Understand Your “In-Network” Benefits
If you’re in an HMO, use your primary care physician to get referrals to specialists. If you’re in a PPO, use network hospitals and physicians. Your hospital may be in-network, but individual physicians may not. Be sure you know which is which. Use network retail pharmacies and mail order prescription plans for your medications. It can be an expensive mistake to make out-of-network choices, so carve out time to do your research.

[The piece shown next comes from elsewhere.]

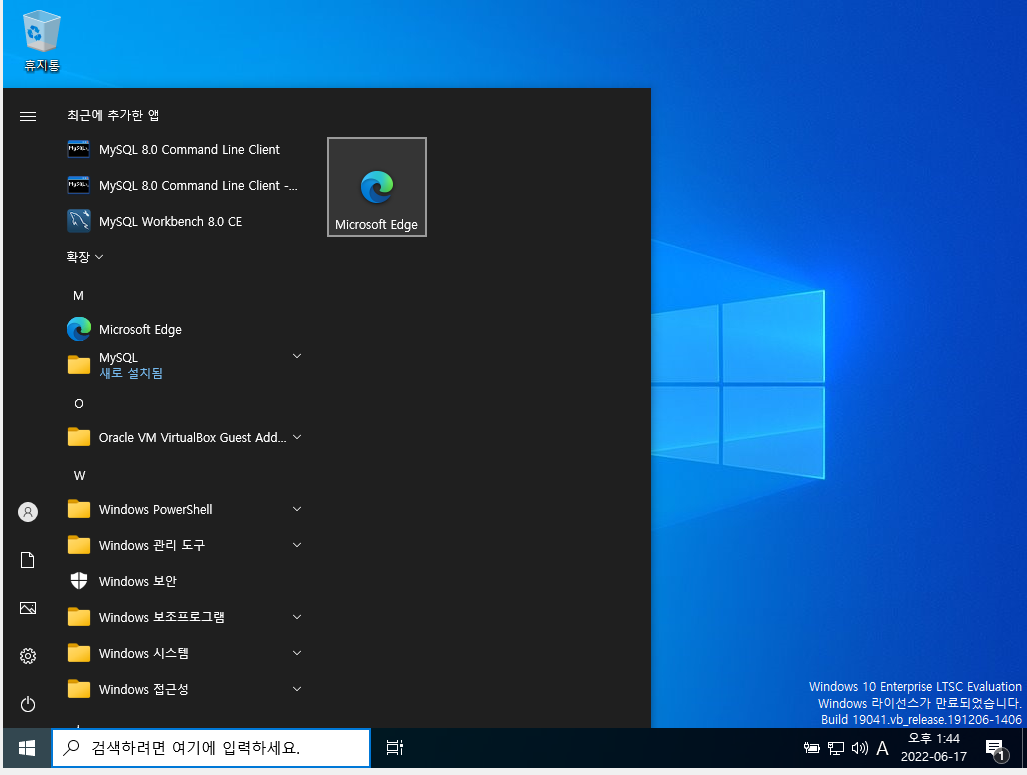 시작에서 MS Edge가 생긴 것을 확인해볼 수 있다!

Keep Good Communication Records
Document everything! Keep records of all phone conversations with dates, who you talked to, and what they said. This makes follow-up calls easier. Keep copies of anything you send or receive. Documentation also matters if providers file insurance claims late. You may be able to have late bills written off if you gave your provider your insurance information and they failed to file on time.
Pay Only What You Owe
Keep track of what tests, procedures or items you receive at each medical visit or hospitalization, or ask a friend or loved one to assist with this. Review medical bills for accuracy. Request an itemized bill of your charges, making note of the date you called and by when you’re promised the information. Check for duplicate charges, charges for procedures or items you weren’t provided, unexplained miscellaneous charges, or other confusing items. Insurance and provider errors are common and can cost you a lot – match your bill to the Explanation of Benefits from your insurance company, and compare coverage to your insurance plan. If claims are not covered, call and ask why. Ask your insurance representative to re-process your claim. Be persistent.
Ask for Help
Seek the help of a family member, trusted friend, or medical claims professional if you are unsure how to proceed. Look for someone who is organized and persistent and who advocates for you. You can succeed with persistence, patience, and assistance.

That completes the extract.